CRE-362: dynamic batching based on observation sizes #1226

mchain0 · 2025-06-02T11:58:02Z

krehermann · 2025-06-03T15:10:41Z

pkg/capabilities/consensus/ocr3/reporting_plugin.go

+	return allExecutionIDs, serialized, err
+}
+
+func (r *reportingPlugin) Query(_ context.Context, _ ocr3types.OutcomeContext) (types.Query, error) {


i'd like to see a benchmark test. i have no intuition about how expensive the proto serialization will be nor how many rounds of trial and error we need.

that then turns into a concern about the performance budget of repeated serializations

good point. algo I made is O(log2(n)), so e.g. 10^6 reports ends up with max 20 (~19.93) optimization rounds (I included that in one of the unit-tests); considering it's a simple structure -- serializing it few times should not be an issue; I agree to empirically verify how many rounds becomes "too slow" -- solidify it with a bench test and warn logs (when closing up to a time limit).

pkg/capabilities/consensus/ocr3/reporting_plugin.go

… Serializable interface; code refactor;

bolekk · 2025-07-02T03:52:29Z

pkg/capabilities/consensus/ocr3/reporting_plugin_batching.go

+type Serializable interface {
+	Serialize(lggr logger.Logger) ([]string, []byte, error)
+	Len() int
+	Mid(mid int) Serializable


"Mid" is a bit confusing, at first I thought it returns the middle element. Maybe "Prefix" is a more accurate name?

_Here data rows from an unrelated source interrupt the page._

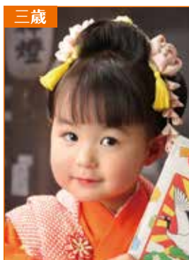
前髪を下ろすタイプ
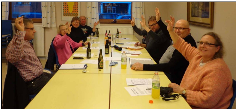
Enstemmigt JA på Ugledige vandværks generalforsamling d. 14. april til fusionering med Allerslev vandværk i 2016

Ugledige vandværk er jo fra omkring 1910 og den historie vil jeg prøve at få skrevet til næste blad.
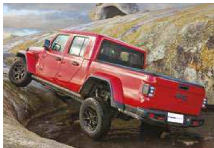
A topo de linha da Gladiator tem motor 3.6 V6 a gasolina, capaz de gerar 284 cavalos de potência a 6.400 rotações por minuto

A capacidade “Trailrated” é item de série na Gladiator Rubicon. Para ganhar esse selo, um veículo deve provar sua capacidade de resistir a um off-road poderoso. A avaliação é feita em cinco categorias: Submersão, Articulação, Barra Estabilizadora, Altura em Relação ao Solo e Manobrabilidade. Todas elas estão
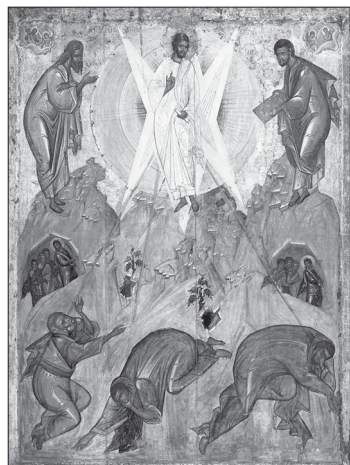
Феофан Грек. Преображение Господне. XIV век

bolekk · 2025-07-02T03:56:10Z

pkg/capabilities/consensus/ocr3/reporting_plugin_batching.go

+	}
+
+	weids := make([]string, 0, len(o.reqMap))
+	for k := range o.reqMap {


Random order will be problematic here. If the leader sends a lot of IDs in the query and every node contributes observations for a random subset of that query, there's no guarantee we will find quorums for any of the IDs later. We should follow the order from the Query and if necessary reduce to a prefix of that array.

bolekk · 2025-07-02T04:06:30Z

pkg/capabilities/consensus/ocr3/reporting_plugin_batching.go

+// It finds the best utilization of space with the protobuf-marshalled structures using logarithmic (binary search)
+// approach to identify the optimal number of Requests that can be serialized without exceeding
+// the limit (defaultBatchSizeMiB).
+func packToSizeLimit(lggr logger.Logger, all Serializable) ([]string, []byte, error) {


I'm starting to doubt that bin-search is actually useful.

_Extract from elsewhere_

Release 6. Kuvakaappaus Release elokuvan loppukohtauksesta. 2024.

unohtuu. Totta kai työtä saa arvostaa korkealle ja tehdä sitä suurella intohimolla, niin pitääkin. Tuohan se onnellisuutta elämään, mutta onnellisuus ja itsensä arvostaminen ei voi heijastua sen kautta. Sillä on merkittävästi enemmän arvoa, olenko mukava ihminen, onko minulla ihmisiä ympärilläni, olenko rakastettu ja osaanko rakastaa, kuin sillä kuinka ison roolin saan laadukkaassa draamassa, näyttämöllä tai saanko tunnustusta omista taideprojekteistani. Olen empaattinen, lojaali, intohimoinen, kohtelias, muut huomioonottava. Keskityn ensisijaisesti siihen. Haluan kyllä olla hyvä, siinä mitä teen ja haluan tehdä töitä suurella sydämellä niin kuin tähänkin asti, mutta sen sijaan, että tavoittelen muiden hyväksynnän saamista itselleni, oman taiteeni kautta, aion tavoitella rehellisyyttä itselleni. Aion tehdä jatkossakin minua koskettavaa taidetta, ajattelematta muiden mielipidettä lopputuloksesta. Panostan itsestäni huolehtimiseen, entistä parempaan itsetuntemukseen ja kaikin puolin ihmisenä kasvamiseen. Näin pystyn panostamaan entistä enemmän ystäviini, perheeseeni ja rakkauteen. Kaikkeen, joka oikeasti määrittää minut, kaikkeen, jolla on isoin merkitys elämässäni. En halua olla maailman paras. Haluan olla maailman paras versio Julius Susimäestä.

Query elements are all of the same size so we can simply divide max by that size (minus some buffer).

Observations can be less predictable so that's the only place where bin search makes sense.

Outcome already does a relatively expensive computation for each request (aggregation). I can't imagine proto marshaling being meaningful compared to that. So we can simply marshal them one-by-one as we process and stop early if we happen to hit the limit (again, with some buffer).

As much as I appreciate the generalization of the approach behind a Serializable interface, I think it causes a lot of unnecessary churn in the existing code.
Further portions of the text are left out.